Started by Alexander Lakhinabout 2 years ago3 messages
#1Alexander Lakhin
exclusion@gmail.com

[ this thread separated from [1]/messages/by-id/CWTLB2WWVJJ2.2YV6ERNOL1WVF@neon.tech as the discussion focus shifted ]

H Andres,

29.11.2023 22:39, Andres Freund wrote:

I use the following:
ASAN_OPTIONS=detect_leaks=0:abort_on_error=1:print_stacktrace=1:\
disable_coredump=0:strict_string_checks=1:check_initialization_order=1:\
strict_init_order=1:detect_stack_use_after_return=0

I wonder if we should add some of these options by default ourselves. We could
e.g. add something like the __ubsan_default_options() in
src/backend/main/main.c to src/port/... instead, and return a combination of
"our" options (like detect_leaks=0) and the ones from the environment.

I think that such explicit expression of the project policy regarding
sanitizer checks is for good, but I see some obstacles on this way.

First, I'm not sure what to do with new useful options/maybe new option
values, that will appear in sanitizers eventually. Should the only options,
that are supported by all sanitizers' versions, be specified, or we may
expect that unsupported options/values would be ignored by old versions?

Second, what to do with other binaries, that need detect_leaks=0, for
example, that same ecpg?

ISTM that, if it actually works as I theorize it should, using
__attribute__((no_sanitize("address"))) would be the easiest approach
here. Something like

#if defined(__has_feature) && __has_feature(address_sanitizer)
#define pg_attribute_no_asan __attribute__((no_sanitize("address")))
#else
#define pg_attribute_no_asan
#endif

or such should work.

I've tried adding:
 bool
+__attribute__((no_sanitize("address")))
 stack_is_too_deep(void)

and it does work got me with clang 15, 18: `make check-world` passes with
ASAN_OPTIONS=detect_leaks=0:abort_on_error=1:print_stacktrace=1:\
disable_coredump=0:strict_string_checks=1:check_initialization_order=1:\
strict_init_order=1:detect_stack_use_after_return=1
UBSAN_OPTIONS=abort_on_error=1:print_stacktrace=1

(with a fix for pg_bsd_indent applied [2]/messages/by-id/591971ce-25c1-90f3-0526-5f54e3ebb32e@gmail.com)

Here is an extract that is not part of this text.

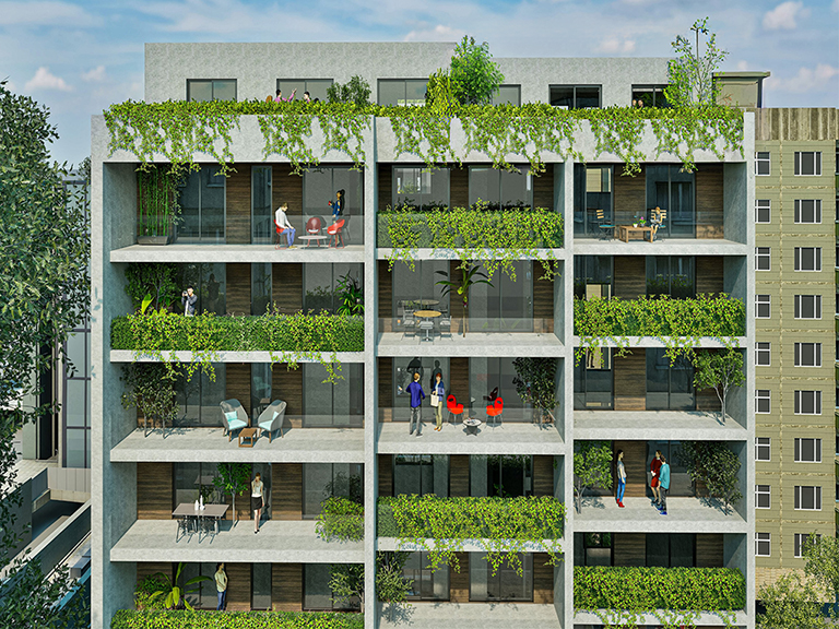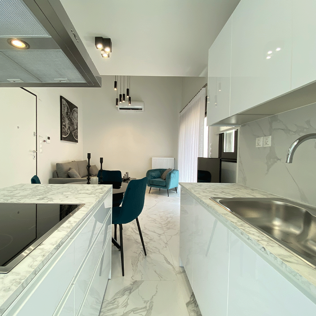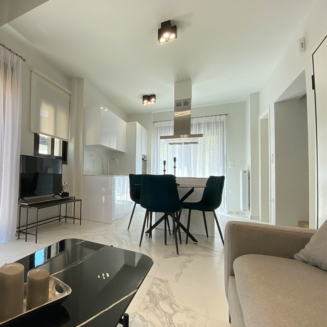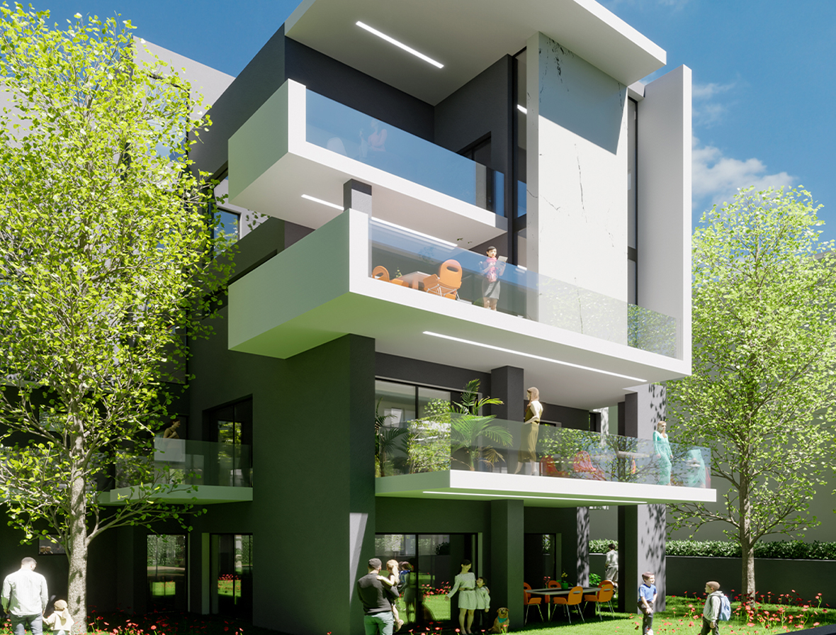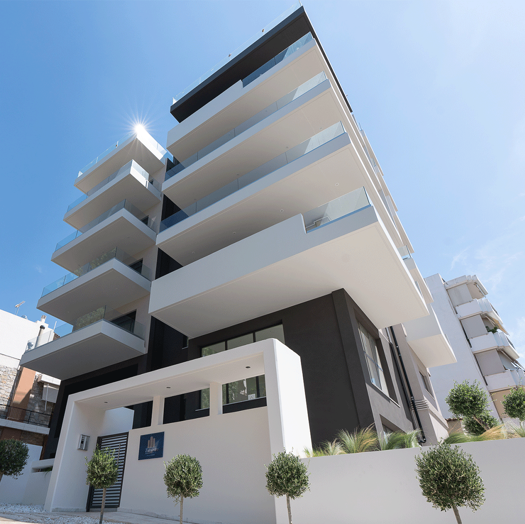 The project is located in the southern part of Athens close to the center of Glyfada in a quiet populated area. The building extends into five levels offering two maisonettes, eight double-bedroom apartments and one studio.

But with gcc 11, 12, 13 I get an assertion failure during `make check`:
#4  0x00007fabadcd67f3 in __GI_abort () at ./stdlib/abort.c:79
#5  0x0000557f35260382 in ExceptionalCondition (conditionName=0x557f35ca51a0 "(uintptr_t) buffer ==
TYPEALIGN(PG_IO_ALIGN_SIZE, buffer)", fileName=0x557f35ca4fc0 "md.c", lineNumber=471) at assert.c:66
#6  0x0000557f34a3b2bc in mdextend (reln=0x6250000375c8, forknum=MAIN_FORKNUM, blocknum=18, buffer=0x7fabaa800020,
skipFsync=true) at md.c:471
#7  0x0000557f34a45a6f in smgrextend (reln=0x6250000375c8, forknum=MAIN_FORKNUM, blocknum=18, buffer=0x7fabaa800020,
skipFsync=true) at smgr.c:501
#8  0x0000557f349139ed in RelationCopyStorageUsingBuffer (srclocator=..., dstlocator=..., forkNum=MAIN_FORKNUM,
permanent=true) at bufmgr.c:4386

The buffer (buf) declared as follows:
static void
RelationCopyStorageUsingBuffer(RelFileLocator srclocator,
                               RelFileLocator dstlocator,
                               ForkNumber forkNum, bool permanent)
{
...
    PGIOAlignedBlock buf;
...

But as we can see, the buffer address is really not 4k-aligned, and that
offset 0x20 added in run-time only when the server started with
detect_stack_use_after_return=1.
So it looks like the asan feature detect_stack_use_after_return implemented
in gcc allows itself to add some data on stack, that breaks our alignment
expectations. With all three such Asserts in md.c removed,
`make check-world` passes for me.

One thing that's been holding me back on trying to do something around this is
the basically non-existing documentation around all of this. I haven't even
found documentation referencing the fact that there are headers like
sanitizer/asan_interface.h, you just have to figure that out yourself. Compare
that to something like valgrind, which has documented this at least somewhat.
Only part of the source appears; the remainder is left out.